Le choix de placer comme une introduction aux salles du futur musée régional la question de la "découverte" ne relève pas de la provocation ni du goût du paradoxe : l'histoire des peuples de Guyane ne commence certes pas au 16ème siècle, mais on considére que cette époque est en quelque sorte un point d'éclatement, et qu'elle marque un tournant essentiel dans le devenir des différentes populations qui constituent la Guyane aujourd'hui.


l'histoire propre des Amérindiens, qui se déroule ici depuis des millénaires, va connaître un infléchissement considérable. Elle offrira désormais le spectacle d'un profond déclin démographique et sera marquée par des recompositions ethniques et culturelles qui mettront en place le paysage de la Guyane amérindienne contemporaine.

 

une autre histoire prend place à la même époque dans cet espace ouvert à l'exploitation coloniale. Elle met en présence deux ensembles de peuples, issus de l'Europe et de l'Afrique : dans cette histoire se forment d’une part la société créole, au sein même du système esclavagiste, et d’autre part les sociétés "marrones", nées d'une résistance radicale à l'esclavage, qui s'inscriront très vite dans un univers culturel original.

On comprendra donc que le propos n'est pas de faire ici une célébration de cette rencontre entre ancien et nouveau monde, moment que certains peuples considèrent aujourd'hui comme dramatique, mais d'introduire à une histoire : ouvrir le musée par la question de la "découverte" signifie que l'on s'attache, dans le discours qui va se développer, à en explorer les conséquences pour les différentes composantes ethniques de la Guyane, montrant à travers les processus de contact et de domination la formation des principaux ensembles culturels composant la Guyane d'aujourd'hui.

 
 
   
 
Il s'agit essentiellement d'évoquer le contact de deux civilisations, européenne et amérindienne, qui se poursuivra au cours des 17ème et 18ème siècles, évoquant par là une présence antérieure, ancienne, des populations amérindiennes sur cette terre.

La "découverte" met en place nombre de stéréotypes à travers les lectures européennes des cultures amérindiennes rencontrées du 16ème au 19ème siècle sur la côte orientale du sous-continent, et surtout au Brésil (les documents relatifs à la Guyane stricto sensu étant rares ou inexistants).

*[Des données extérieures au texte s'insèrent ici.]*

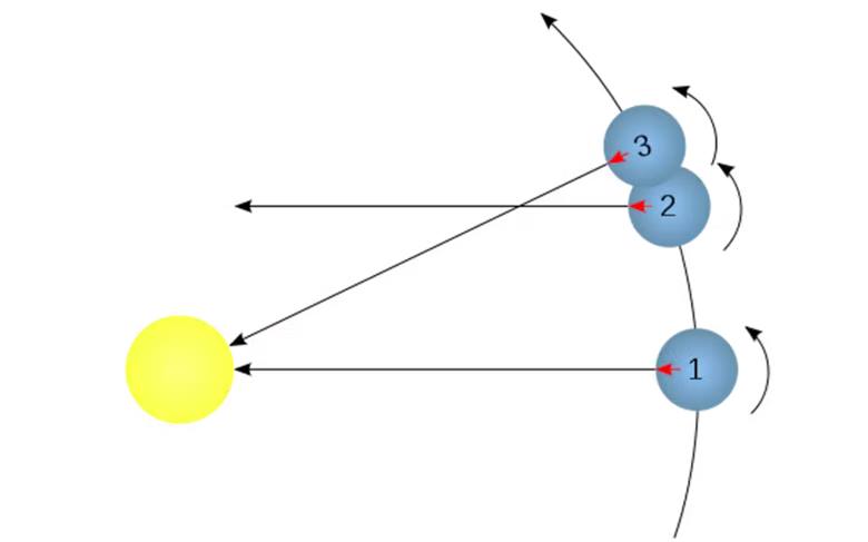 Konum 3: Ancak bu sırada Dünya, Güneş etrafındaki yörüngesinde de ilerlemiştir. Bu yüzden, Güneş’e yeniden dönük hâle gelmek için biraz daha dönmesi gerekir.
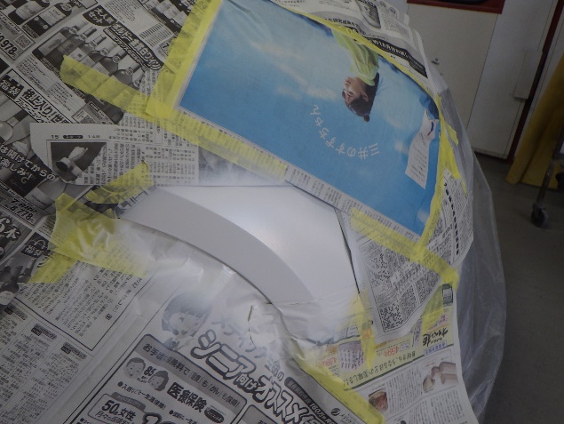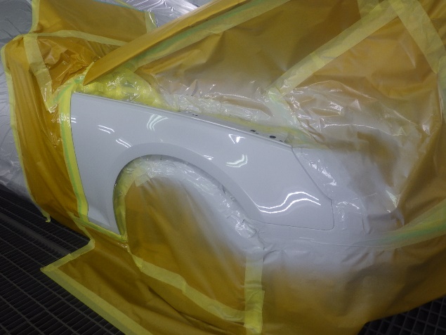 ベースコート(白)、トップコート(クリヤー)の塗装作業を行いました。

On présentera, notamment à travers l'iconographie et les textes, une évocation des permanences et des modulations historiques de ces représentations stéréotypées de l"indien".

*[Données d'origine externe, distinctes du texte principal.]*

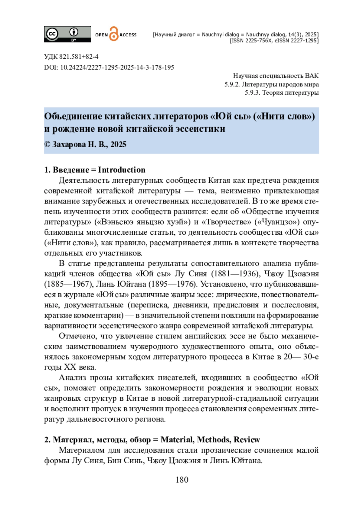 Рассматривается деятельность китайских писателей и критиков, в 20—30-е годы ХХ века входивших в объединение «Юй сы» («Нити слов») и издававших сначала в Пекине, а затем в Шанхае одноименный еженедельник. Актуальность исследования обусловлена необходимостью восполнения лакун в сфере изучения литературного процесса в Китае в указанный период. Новизна исследования обусловлена тем, что в статье представлены результаты анализа статей, опубликованных в журнале «Юй сы» Лу Синем, Бин Синь, Чжоу Цзожэнем, Линь Юйтанем, чья эссеистика оказала значительное влияние на формирование современной китайской литературы. Отмечается, что увлечение китайских писателей жанрами саньвэнь (эссе), саньвэнь сяошо (очерки), саньвэнь ши (стихи в прозе) происходило благодаря рецепции произведений английской и русской литературы. Охарактеризована практика позиционирования и философии журнала, издаваемого литературным обществом «Юй сы»: Чжоу Цзожэнь декларировал принципы свободы и случайности в содержании и форме публикуемых произведений. Доказано, что жанр эссе европейских писателей в значительной степени обусловил эволюцию традиционных китайских жанров малой формы. В статье сделан вывод, что роль общества «Юй сы» на становление жанра эссе в китайской литературе недостаточно изучена российскими синологами и имеет перспективы дальнейшего исследования.
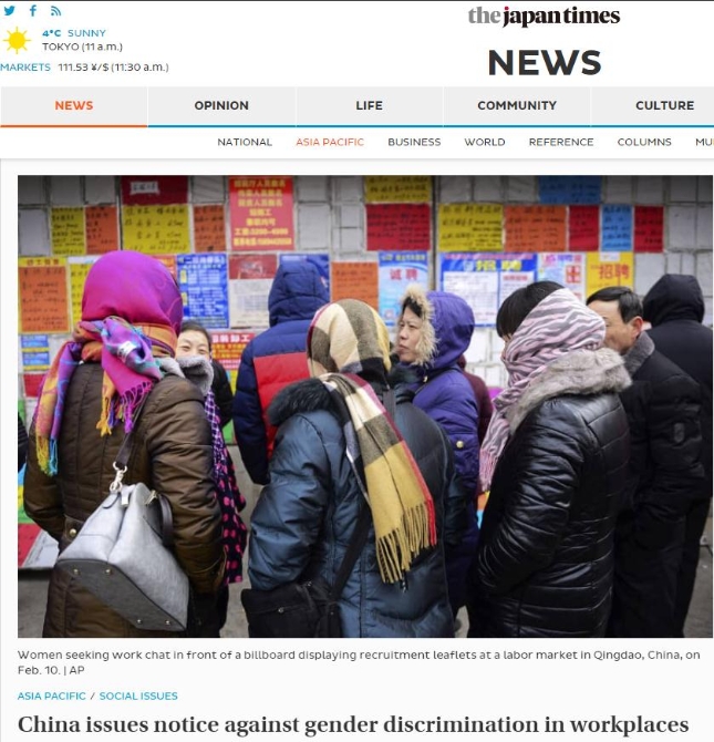 2月10日,《日本時報》網(wǎng)站報道稱,中國日前發(fā)布了禁止就業(yè)性別歧視的通知,規(guī)定了企業(yè)和用人單位不能歧視女員工和前來應(yīng)聘的女性。這一舉措受到了廣泛認(rèn)可和贊同。
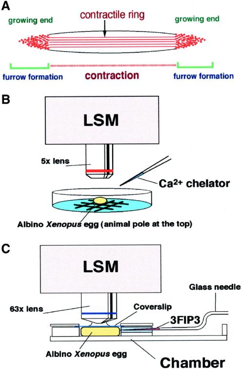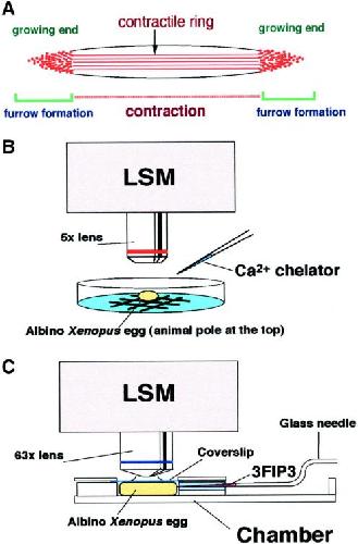 Fig. 1. Calcium imaging systems. (A) Schematic representation of the cleavage furrow and the F-actin structures. The two growing ends are the sites where the contractile ring structure is continuously formed. However, the middle region is where contraction occurs. It has been shown that rhodamine-WGA staining colocalizes with F-actin staining at the growing end of the cleavage furrow. SeeNoguchi and Mabuchi (2001) for detail. (B) Imaging of Ca waves was carried out using LSM at low magnification. Albino eggs were observed from the animal hemisphere to monitor the early cleavage furrow. Ca chelators were injected from the side during imaging. (C) Imaging of Ca puffs and Ca blips was carried out in a handmade chamber for scanning at high magnification using the LSM. In the chamber, the egg was compressed by a coverslip in order to flatten the cortex. The chamber has a slit at one side to introduce the glass needle for microinjection. |
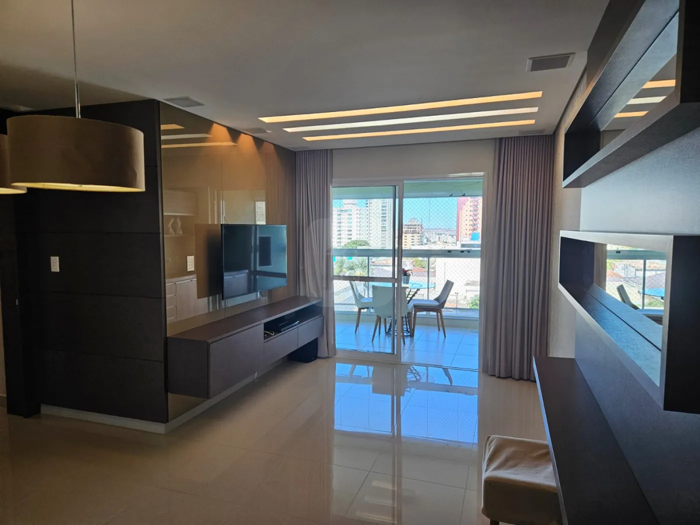 Sala em 02 ambientes com varanda gourmet.
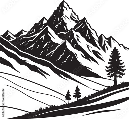 Minimalist Mountain Range Silhouette with Trees
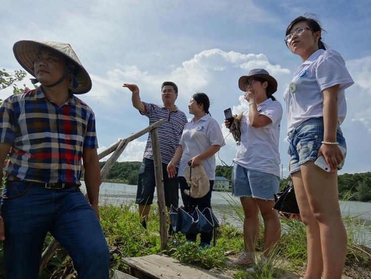 團(tuán)隊(duì)女生在廣西防城港參觀廣西紅樹林生態(tài)養(yǎng)殖基地
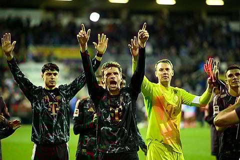 Bayern's Thomas Müller, center, celebrates his side's 6-1 win after the German Bundesliga soccer match between Holstein Kiel and Bayern Munich, at the Holsten stadium in Kiel, Germany.
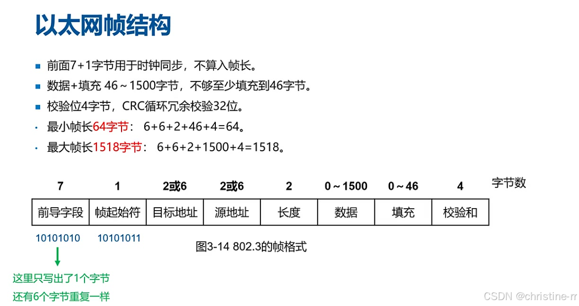 ·同步字段(8字节):前7字节为前导字段(固定模式10101010,其他6个一样),1字节为帧起始符(10101011),用于时钟同步,不计入帧长
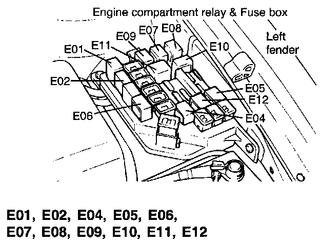 E01 Head Lamp Relay (HIGH), E02 DRL Relay, E04 Start Relay, E05 Condenser Fan Relay, E06 Head Lamp Relay (LOW), E07 Radiator Fan Relay, E08 A/C Relay, E09 Front Fog Lamp Relay, E10 Tail Lamp Relay, E11 Blower Relay, E12 Horn Relay:
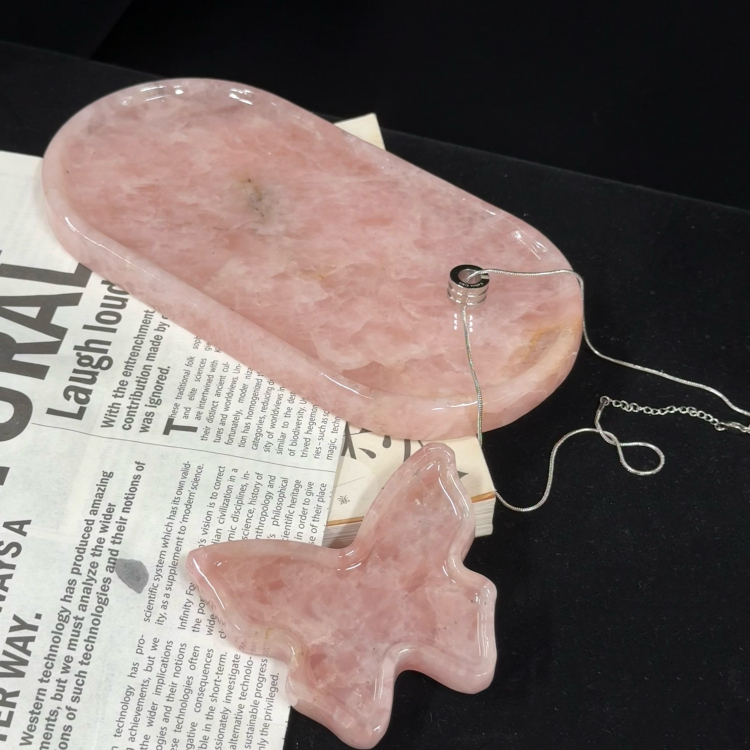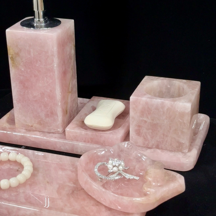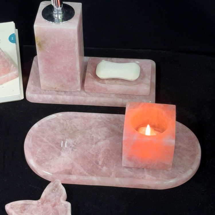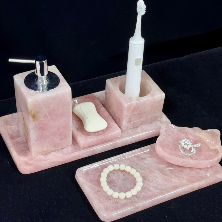 粉水晶天然大理石托盘 北欧梳妆台首饰化妆品收纳盘 家居桌面装饰

Une seconde partie évoquera l'histoire amérindienne depuis le contact avec les Européens. Autour de ce thème seront traités les échanges culturels entre deux civilisations :

 
 

marchandises de traite, dont certaines seront intégrées aux cultures amérindiennes au point d'en constituer aujourd'hui un signe emblématique : l'exemple des perles.

   
emprunts européens aux Amérindiens : céramiques amérindiennes employées sur les habitations (objets de fouille), traits majeurs de la culture matérielle et de l'alimentation (culture itinérante sur brûlis, manioc).
 


Succédant à la phase de la "découverte", et conséquence du développement du système de l'Habitation, traite et esclavage n'ont guère de valeur explicative par eux-mêmes mais doivent être traités comme une introduction aux processus auxquels ils donnent naissance.

     

La traite, en Guyane, à l'écart du développement sucrier des îles des Antilles, s'éloigne sensiblement du schéma antillais, dans lequel se trouvaient mobilisées les ressources du "commerce triangulaire".

A travers les collections du MCG le travail de l'esclave, sa vie et la culture originale qu'il élabore, peuvent être très largement illustrées.